Komentar tersebut membuat teringat permasalahan antara SBY dan Megawati di tahun 2004. Kala itu Susilo Bambang Yudhoyono nyata presiden dua periode.
Mulanya ia anak buah Megawati di kekuasaan. Akibat tindakan Megawati yang kala itu mengucilkan SBY karena muncul kabar pencalonannya sebagai capres.
Akhirnya membuat publik bersimpati kepada SBY dan membuktikan Partai Demokrat juara kuota suara pada dua pemilu.
Lantas benarkah masyarakat Indonesia memiliki rasa iba yang tinggi? Berikut ulasannya.
Masyarakat Indonesia Gampang Lupa dan Iba
Pengamat Politik Universitas Diponegoro, Wahid Abdulrahman menyebut sudah menjadi watak masyarakat pemilih di Indonesia yang pemaaf dan melupakannya. Misal diambil dari konteks isu dinasti politik yang sempat santer dibicarakan.
"Menariknya karakter pemilih di Indonesia kan begitu. Satu mudah lupa, kedua mudah iba. Pasti dinastinya dianggap sesuatu yang wajar. Itu tren," ungkapnya.
Meski ada wacana yang menantang praktik dinasti politik secara besar hingga narasi Prabowo yang mewajarkannya, dengan dalih pengabdian keluarga untuk bangsa dan negara.

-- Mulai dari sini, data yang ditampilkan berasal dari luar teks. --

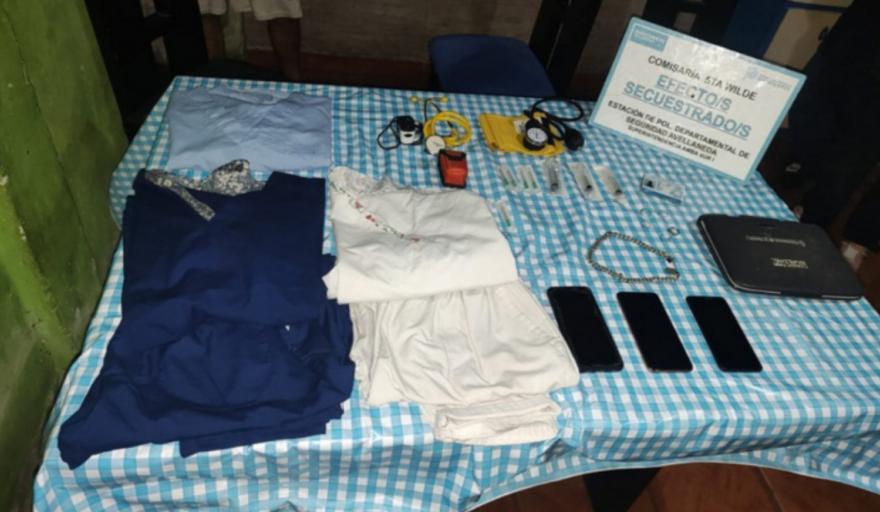 Durante los allanamientos se secuestraron una notebook, tres teléfonos celulares, indumentaria utilizada para tareas de enfermería (entre ellos un ambo, un estetoscopio, un tensiómetro y jeringas) y varios accesorios de bijouterie.

Hal itu pun lama kelaman akan meredakan puncak kemarahan publik.
Jika publik kemarahan sudah reda. Pada akhirnya Gibran akan kembali mendapatkan suara yang banyak.
Baca Juga: Hasil Survei Litbang Kompas, Gibran Tanggapi Santai: Turun Laporin, Kalau Naik Nggak Usah
"Di saat yang sama tidak ada counter wacana yang kuat ya. Masyarakat pemilih kita masih seperti itu. Pada akhirnya akan dianggap sebuah kewajaran," katanya.